Отвернулась она и, не удержавшись, все же всплакнула.

– Да что за карамель! – недоумевая, возмутилась Настена. – Какой гувернер на хрен, какие манеры?

– Пойду я, Анастасия. – Ловко извлекая платочек из рукава, женщина торопливо вытерла слезы и махнула рукой. – Вон такси приехало. Мне Виктория Павловна машину до вокзала вызвала и оплатила. Расщедрилась.

– Погодите, Зоя Захаровна, – остановила ее Настя. – Вы мне толком объясните, что происходит. Вика вас уволила, потому что вы не подходите Платону, я правильно поняла?

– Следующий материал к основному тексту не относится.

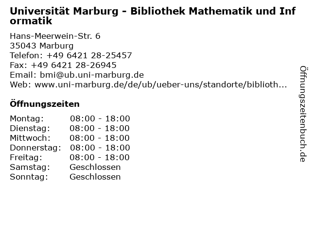 Branchen & Suchbegriffe zu Universität Marburg - Bibliothek Mathematik und Informatik:bibliothek, buch, buchscanner, informatik, literaturen, mathematik, sprachen, universität |

– Да, – кивнула та, нетерпеливо посматривая через ее плечо в ожидании такси.

– А ему гувернера наняли, так?

– Да.

– А вы с Аллой Валерьевной говорили?

– Она со мной говорила. Она там, – и Захаровна кивнула подбородком вверх. – Это они совместно так порешили. – Слово «совместно» Захаровна выговорила нарочито старательно. – Сказали: все в жизни меняется. – И вдруг улыбнулась сквозь слезы, посмотрев на Настю: – Да не переживай ты так, Настасья Юрьевна. Хорошая ты девушка, и родные твои правильные, душевные люди были. Бабушку твою, Полину Михайловну, век помнить буду за доброту ее и сердечность. Многому она меня научила по хозяйству, да и по жизни. Ничего, прилажусь как-нибудь к жизни, найду работу.

– Как приладитесь-то? – расстроилась ужасно Настасья – К какой-такой сестре поедете? У вас сестра в Норильске живет, в коммуналке с мужем-алкоголиком, насколько я помню, вы же сами как-то бабушке моей рассказывали. Вы там пристраиваться собрались? – негодовала она страшно.

– Да не серчай ты так, Настасья Юрьевна, чистая ты душа, – принялась успокаивать ее Захаровна. – Что ж поделаешь, жизнь она такая, известная: «Богатому как хочется, а бедному как можется». – И подхватила свои сумки. – Поеду я, вон машина подкатила. Они ждать не любят, счетчик включают. – И Захаровна махнула сумкой в сторону подъехавшего такси.

– Так! – приняла мгновенное решение Анастасия. – Ни на какой вокзал вы не поедете!

– Как же так не поеду? – растерялась женщина.

– Да так! – распаляясь все больше, Настена полезла в сумку за ключами. – И к сестре своей в Норильск, в коммуналку не поедете!

– Да что ж такое? – расстроилась вдруг и окончательно потерялась Захаровна.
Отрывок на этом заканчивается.